Красная - красная нить (СИ), стр. 114

Сняв напряжение и вымывшись, быстро переоделся во всё чистое. Сегодняшняя толстовка, уже совершенно сухая, должна была отправиться в стирку, но что-то помешало мне сделать это. Зажав её под мышкой, унёс в комнату.

В холодильнике, помимо зелёного салата, оставшегося с завтрака, не было почти ничего. Зато в морозильной камере я нашёл полуфабрикаты: вегетарианскую лазанью и какие-то куриные котлеты. Отца овощами не проймёшь, пришлось не только разогревать духовку, но и ставить на конфорку сковороду для котлет. Параллельно с приготовлениями, я то и дело тормошил свои волосы полотенцем. Ещё несколько минут – и они будут совсем сухие. Интересно, сколько времени требуется Джерарду, чтобы высушить свои?

Звонок в дверь раздался в тот момент, когда готовность обоих блюд была на отметке «ещё чуть-чуть».

- Привет, пап! Заходи скорее! – я втащил его внутрь за рукав холодной куртки и обнял. – Прости, мне надо на кухню, разденешься сам?

- Конечно, мелкий, – улыбнулся он, оглядываясь по сторонам. – Хорошее место.

- Спасибо! – я уже скрылся в арке входа на кухню. И вовремя. Чёртовы котлеты едва не подгорели. Он зашёл минутой позже.

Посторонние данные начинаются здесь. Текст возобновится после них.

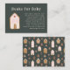 Whimsical Christmas theme baby shower book request card featuring illustration of a gingerbread house with pink accent. The card asks guests to bring in a new or used children's book instead of a card.

- Оу, ты похож на настоящую домохозяйку, – усмехнулся он беззлобно.

- Иди ты, – оскалился я в ответ, выкладывая вершину полуфабрикатного искусства на тарелку. – Можешь просто попить чая. Я бы сварил тебе отличный кофе, но боюсь представить, что ты скажешь мне по этому поводу, – отец заливисто рассмеялся, усаживаясь на стул. – Э, так дело не пойдёт. Ванная напротив по коридору. Вымой руки, а я пока тут всё приготовлю.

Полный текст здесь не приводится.